● **Records provided**:
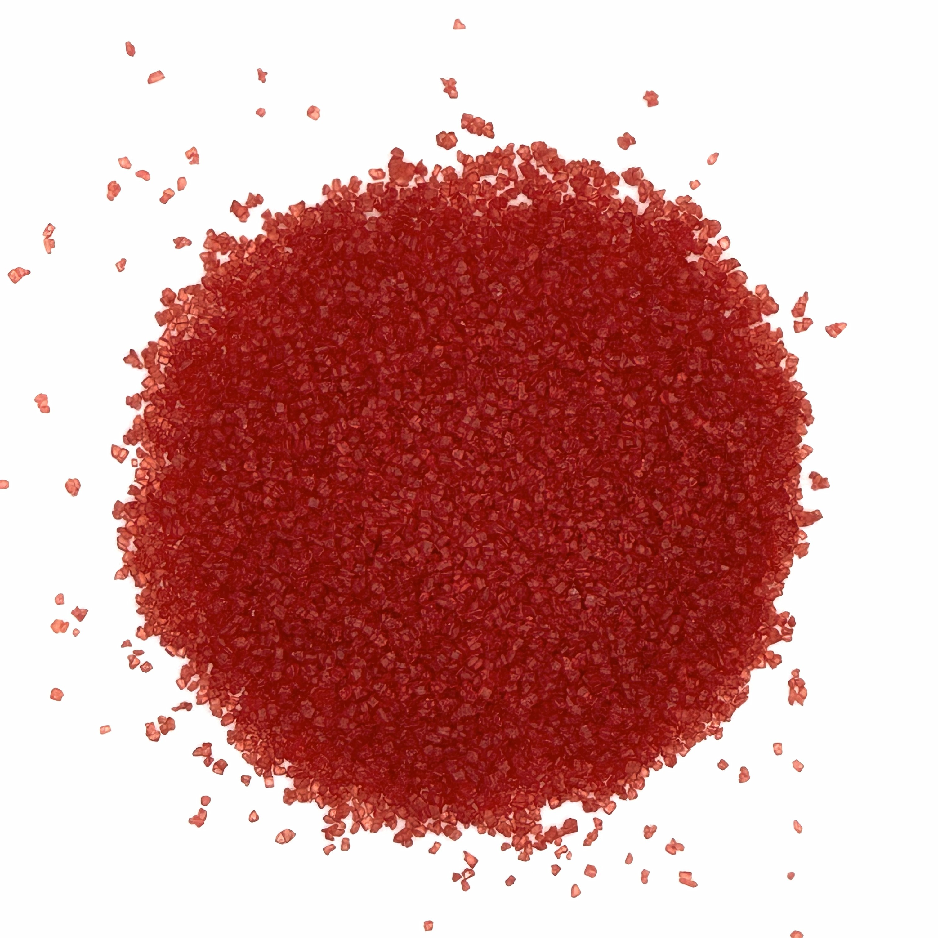 Nature's Palate™ Red Sanding Sugar - Premium, naturally dyed sugar for industrial baking, free from synthetic food coloring. Add a sparkling, sweet crunch to cakes, cookies, cupcakes, and desserts. Made with natural ingredients, this sustainable sanding sugar is ideal for vibrant, high-quality food decorations.
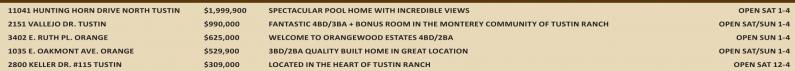 2151 VALLEJODR. TUSTIN $990,000 FANTASTIC4BD/3BA +BONUS ROOM INTHE MONTEREYCOMMUNITY OF TUSTINRANCH OPENSAT/SUN 1-4
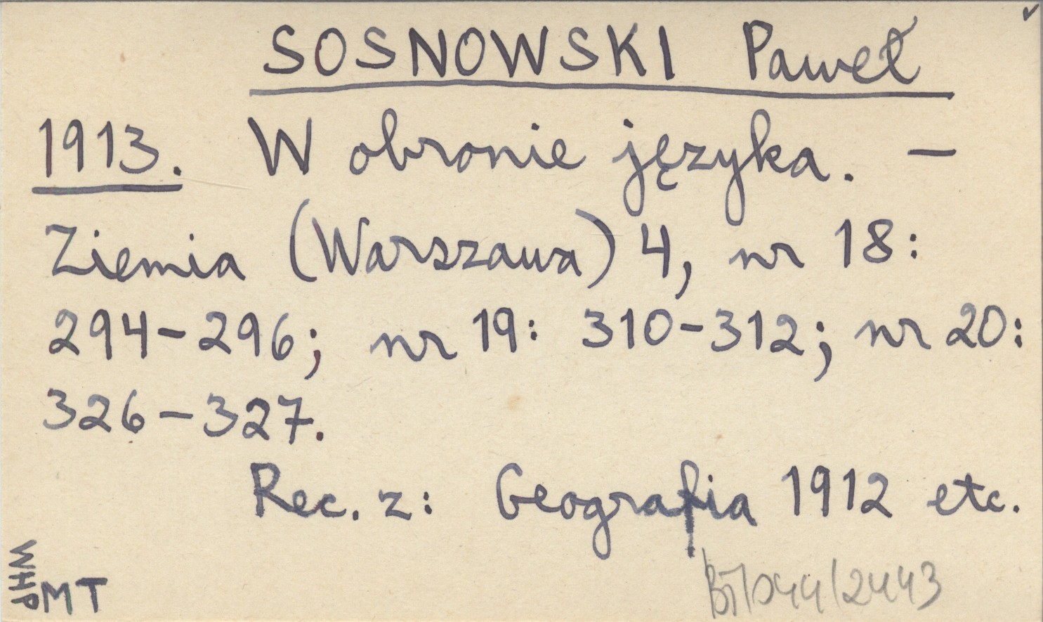 Ziemia (Warszawa) , 4, nr 18: 294-296 ; nr 19: 310-312 ; nr 20: 326-327. Recenzja z: Geografia 1912 etc.
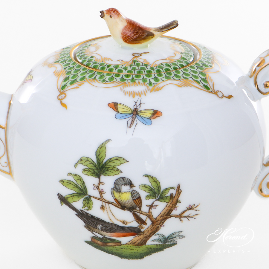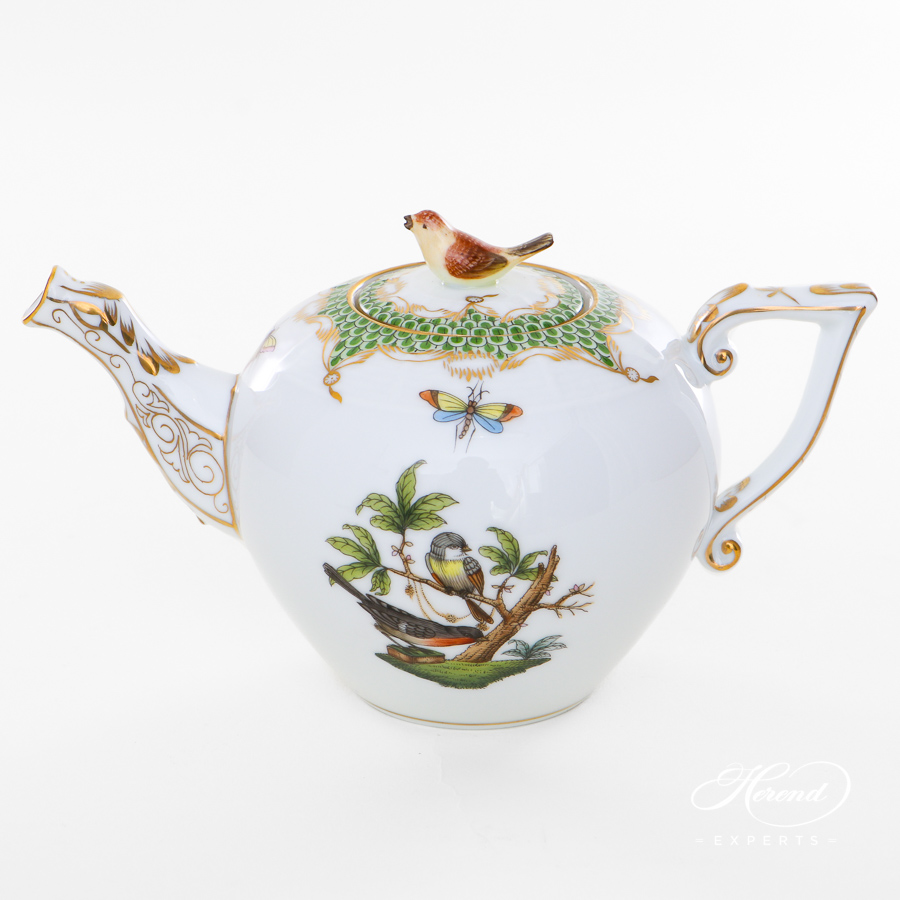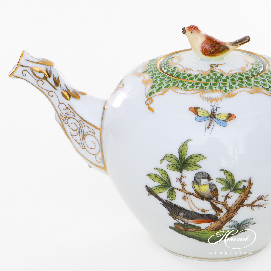 Herend porcelain Tea Pot with Bird Knob – Herend, Rothschild Bird Light Green Fish Scale – RO-ETV1 design.
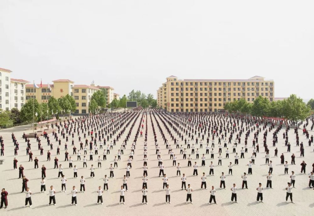 河南这个武校,因为人太多,只能一半人在外面练武,一半人在教室里上文化课。我找到5000个同学在操场上练习武术,然后拍摄这张照片。
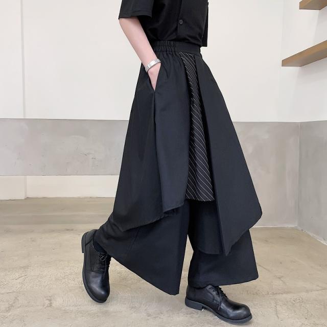 袴パンツ 韓国 黒 体系カバー モード系 メンズ ワイドパンツ 個性的 レディース 高級感 スカンツ 無地 ビッグシルエット ドレープ ストリート系

● **Assignment**: In the listing above, transcribe exactly the lines from the line containing "2151 VALLEJODR. TUSTIN" through the last one, both included, but not the pictures.

● **Answer box**:
 2151 VALLEJODR. TUSTIN $990,000 FANTASTIC4BD/3BA +BONUS ROOM INTHE MONTEREYCOMMUNITY OF TUSTINRANCH OPENSAT/SUN 1-4
 Ziemia (Warszawa) , 4, nr 18: 294-296 ; nr 19: 310-312 ; nr 20: 326-327. Recenzja z: Geografia 1912 etc.
 Herend porcelain Tea Pot with Bird Knob – Herend, Rothschild Bird Light Green Fish Scale – RO-ETV1 design.
 河南这个武校,因为人太多,只能一半人在外面练武,一半人在教室里上文化课。我找到5000个同学在操场上练习武术,然后拍摄这张照片。
 袴パンツ 韓国 黒 体系カバー モード系 メンズ ワイドパンツ 個性的 レディース 高級感 スカンツ 無地 ビッグシルエット ドレープ ストリート系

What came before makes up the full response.